Выигрыш пал на Кристину, вторую из незамужних дочерей; ей только что стукнуло двадцать семь - на четыре, следственно, года больше, чем Теобальду. Младшие сёстры зароптали: уступить Кристине права охоты на этого жениха значит просто выбросить его на помойку, ибо она настолько его старше, что у неё просто нет шансов; однако Кристина вдруг проявила такой боевой дух, какого дотоле за ней не водилось - ибо была она по природе девушкой уступчивой и доброй. Мать сочла разумным стать на её сторону, и тогда двух самых агрессивных сестёр тут же отослали в гости к знакомым, жившим на безопасном расстоянии, а дома позволили остаться только тем, на чью лояльность можно было положиться. Братья же вообще ни о чём не подозревали, полагая, что отец завёл себе помощника потому, что ему действительно нужен помощник.
Сёстры, остававшиеся дома, держали слово и помогали Кристине всем, чем могли, ибо, помимо чувства справедливости, их подстёгивало ещё и то соображение, что чем скорее зацепят Теобальда, тем скорее пошлют за другим дьяконом, и тогда настанет их черёд. Всё устроилось с такой быстротой, что ко времени следующего визита Теобальда, который состоялся в воскресенье, ровно через неделю после первого, двух ненадёжных сестёр уже и духу не было в доме.
На сей раз Теобальд чувствовал себя у своих новых друзей - ибо именно так потребовала называть их миссис Оллеби - как дома.

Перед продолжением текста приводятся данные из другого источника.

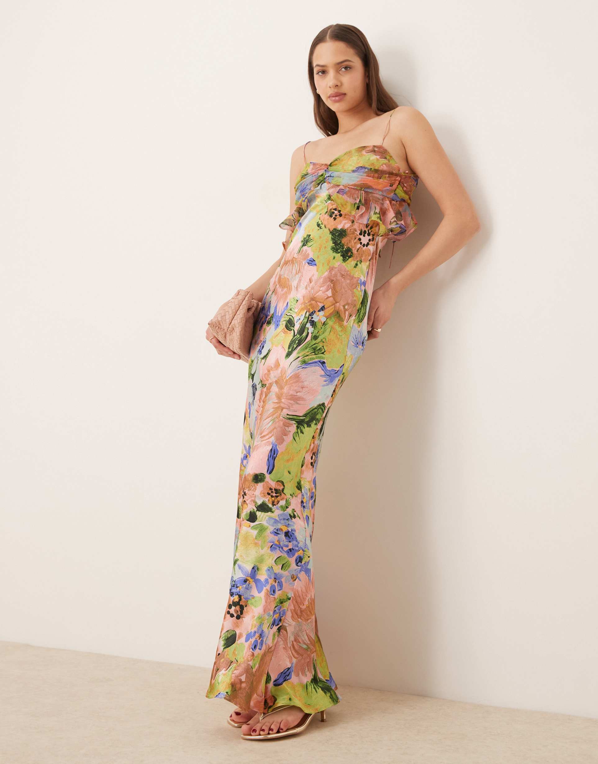 ASOS DESIGN CHIFFON BUST SATIN CAMI MAXI DRESS IN FLORAL PRINT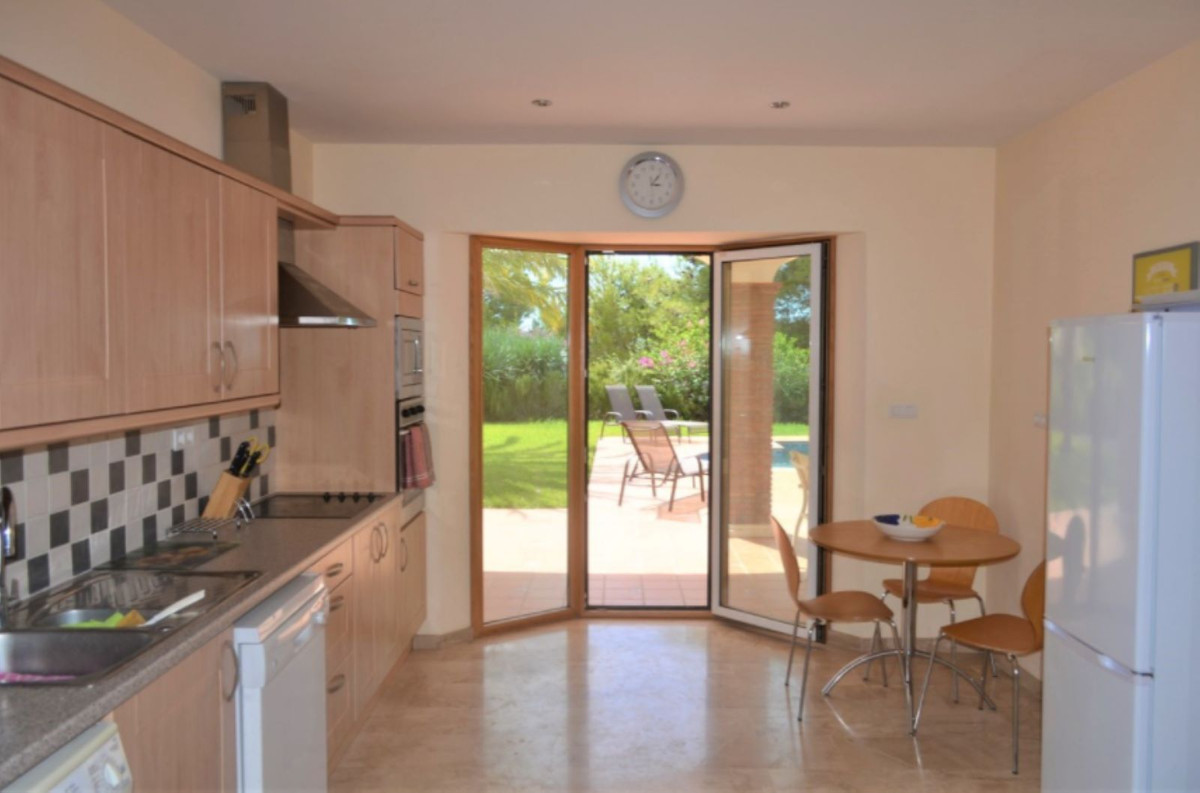The villa is built across 463m2 with a plot of 2197m2. As you enter the front door, on the east wing there are 3 double bedrooms and 2 bathrooms, a separate kitchen and very sunny large lounge. The west wing has another double bedroom, bathroom and additional area for a second lounge or office. On the first floor there is a large master bedroom, dressing area and large en suite leading out to a very secluded separate terrace. The gardens are well maintained with many fruit trees, excellent sized pool and parking up to 10 cars, with the addition of a double garage. The property is all on the flat and has disable access. The kitchen needs renovating. And the property comes unfurnished. The owner is open to offers.

У неё, говорила она, всегда возникает такое, знаете ли, материнское чувство к молодым людям, особенно из числа духовенства. Теобальд верил каждому её слову, как с детства привык верить отцу и всем вообще старшим. За обедом Кристина сидела рядом с ним и разыгрывала свои карты не менее искусно, чем давеча в спальне у сестры. Она улыбалась всякий раз, как он к ней обращался (улыбка была одной из её сильных сторон); она бросила в бой весь арсенал своей безыскусности, перепробовала все свои маленькие уловки, чтобы показать себя с возможно лучшей стороны. Да и кто решится её осуждать? Теобальд не был тем идеалом, о каком она мечтала, читая с сёстрами Байрона, но это был наличный товар по сходной цене, и, в общем-то, из всего наличного товара далеко не самый плохой. А что ей ещё оставалось? Сбежать из дома? Она не смела. Выйти замуж за неравного себе, чтобы её сочли позором семьи? Она не смела. Оставаться дома, стать старой девой и терпеть вечные насмешки? Ни за что на свете. То, что она делала, было в её положении самым естественным. Она была утопающей; пусть Теобальд всего лишь соломинка, но она могла за него ухватиться - и она именно хваталась за соломинку.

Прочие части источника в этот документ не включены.